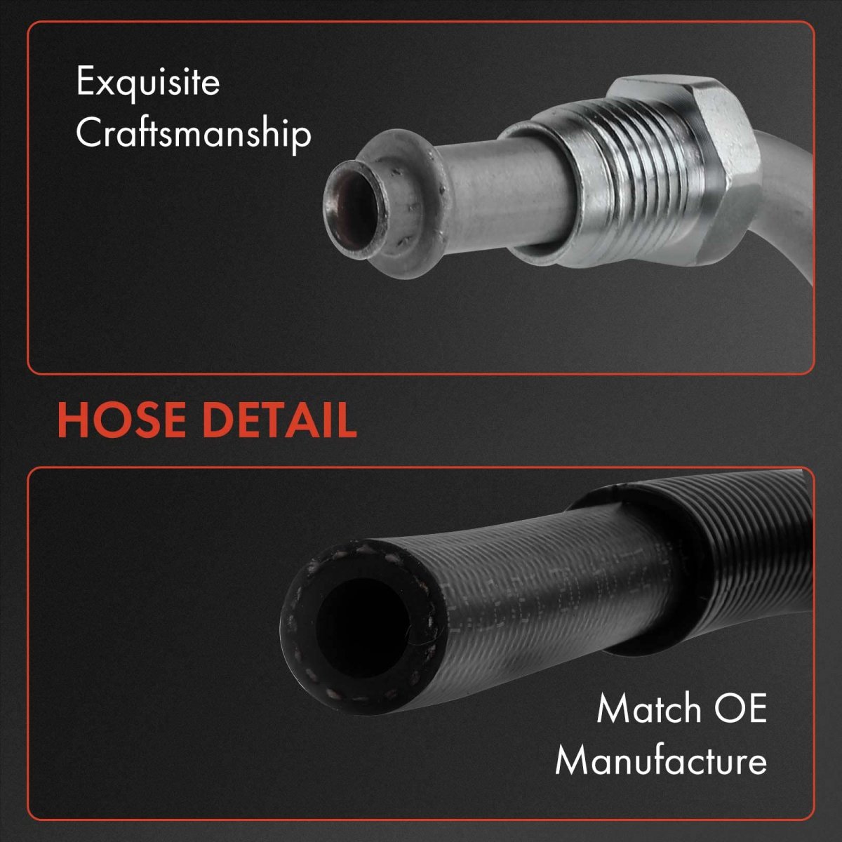 [Vehicle Fitment]: This power steering return hose is compatible with Buick Regal 2003-2004 V6 3.8L; compatible with Pontiac Grand Prix 1997-2003 V6 3.8L (From Gear)---1997-2003 Pontiac Grand Prix-without Variable Assist, with Cooler, Cut To Length 12". [Position]: From Gear. [The Performance]: Hose Type: Power Steering Return Line Hose Assembly; Working Pressure: Up to 250 psi; Working Temperature: -40 to 254; Material: Multi-Layer Rubber; Corrosion Resistant: Yes. [Reference Number]: The A-Premium power steering fluid hose's reference number: 3402287, 10334985. Before placing an order, verify that this power steering return line hose is compatible with your vehicle using the compatibility system..Other fine products
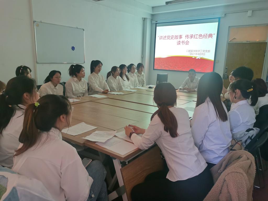 为深化四史学习,诵读红色经典,传承革命精神,献礼建党百年华诞,口腔医学院学工党支部于2021年4月9日晚五点十五分在党员之家组织开展了红色读书会。
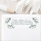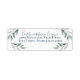 Linda marca botânica verde aquarela e etiqueta de endereço de retorno de texto de script manual. Vinhas verdes delicadamente à volta do endereço e misturas verdes de senso macio com o texto azul do cadete e fontes de script manual.
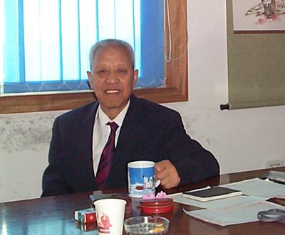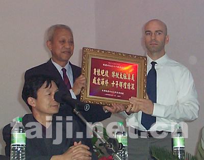 精神矍铄的太极大师陈庆州老师在办公室 美国弟子美国内功研究总会会长向老师赠送庆祝牌匾 |
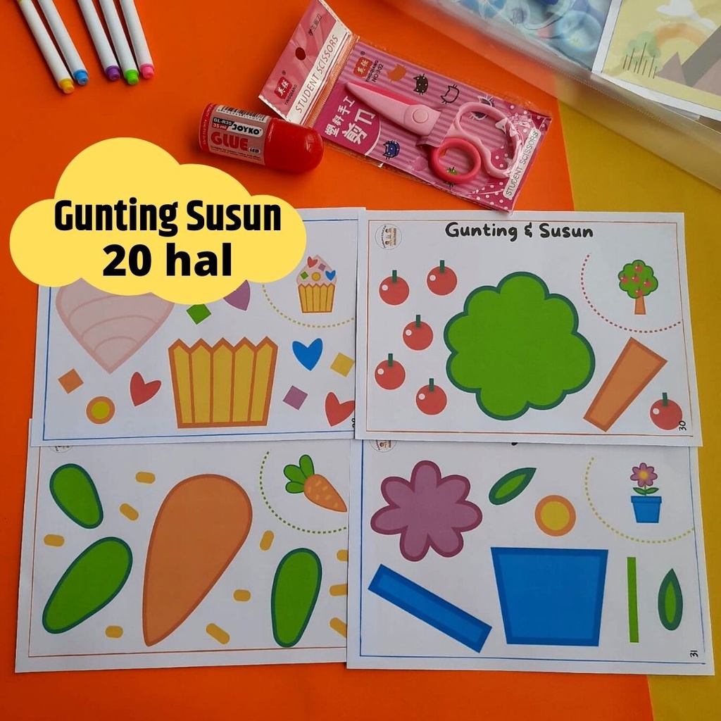 40 hal Worksheet Anak 2 3 4 5 6 Tahun Aktivitas Menggunting Dan Menempel TK PAUD PRESCHOOL
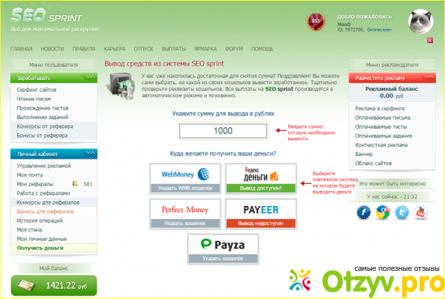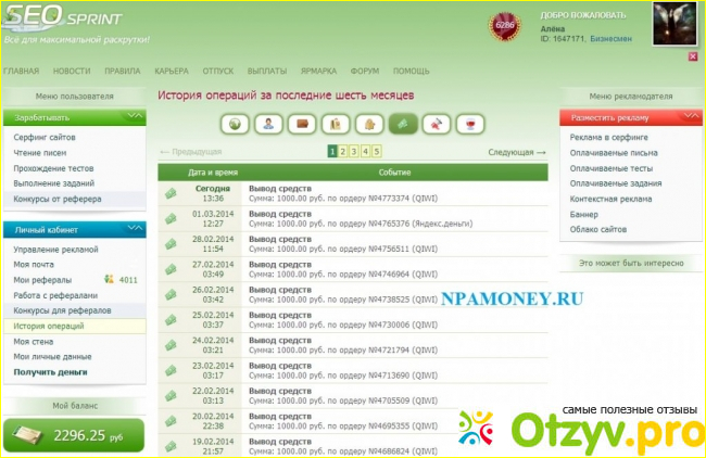 люблю его за стабильность и возможность выводить деньги без комисии на карту российского банка. Чего нет на сайте Seo sprint , но зато там другая специфика работы. Она более простая в некоторых случаях. А где то очень сильно запутанная. Обо всем подробнее хочу рассказать.
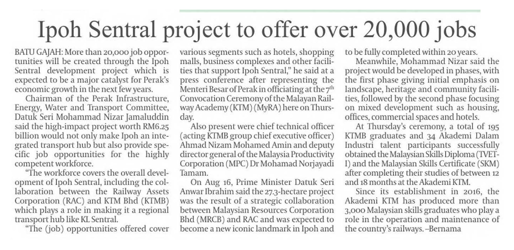 07/11/2025 Daily Express Ipoh Sentral project to offer over 20,000 jobs

> _WHAT THE TASK ASKS_: The entire listing above, word for word and without pictures, is what should be output.

> _SOLVED EXERCISE_:
 [Vehicle Fitment]: This power steering return hose is compatible with Buick Regal 2003-2004 V6 3.8L; compatible with Pontiac Grand Prix 1997-2003 V6 3.8L (From Gear)---1997-2003 Pontiac Grand Prix-without Variable Assist, with Cooler, Cut To Length 12". [Position]: From Gear. [The Performance]: Hose Type: Power Steering Return Line Hose Assembly; Working Pressure: Up to 250 psi; Working Temperature: -40 to 254; Material: Multi-Layer Rubber; Corrosion Resistant: Yes. [Reference Number]: The A-Premium power steering fluid hose's reference number: 3402287, 10334985. Before placing an order, verify that this power steering return line hose is compatible with your vehicle using the compatibility system..Other fine products
 为深化四史学习,诵读红色经典,传承革命精神,献礼建党百年华诞,口腔医学院学工党支部于2021年4月9日晚五点十五分在党员之家组织开展了红色读书会。
 Linda marca botânica verde aquarela e etiqueta de endereço de retorno de texto de script manual. Vinhas verdes delicadamente à volta do endereço e misturas verdes de senso macio com o texto azul do cadete e fontes de script manual.
 精神矍铄的太极大师陈庆州老师在办公室 美国弟子美国内功研究总会会长向老师赠送庆祝牌匾 |
 40 hal Worksheet Anak 2 3 4 5 6 Tahun Aktivitas Menggunting Dan Menempel TK PAUD PRESCHOOL
 люблю его за стабильность и возможность выводить деньги без комисии на карту российского банка. Чего нет на сайте Seo sprint , но зато там другая специфика работы. Она более простая в некоторых случаях. А где то очень сильно запутанная. Обо всем подробнее хочу рассказать.
 07/11/2025 Daily Express Ipoh Sentral project to offer over 20,000 jobs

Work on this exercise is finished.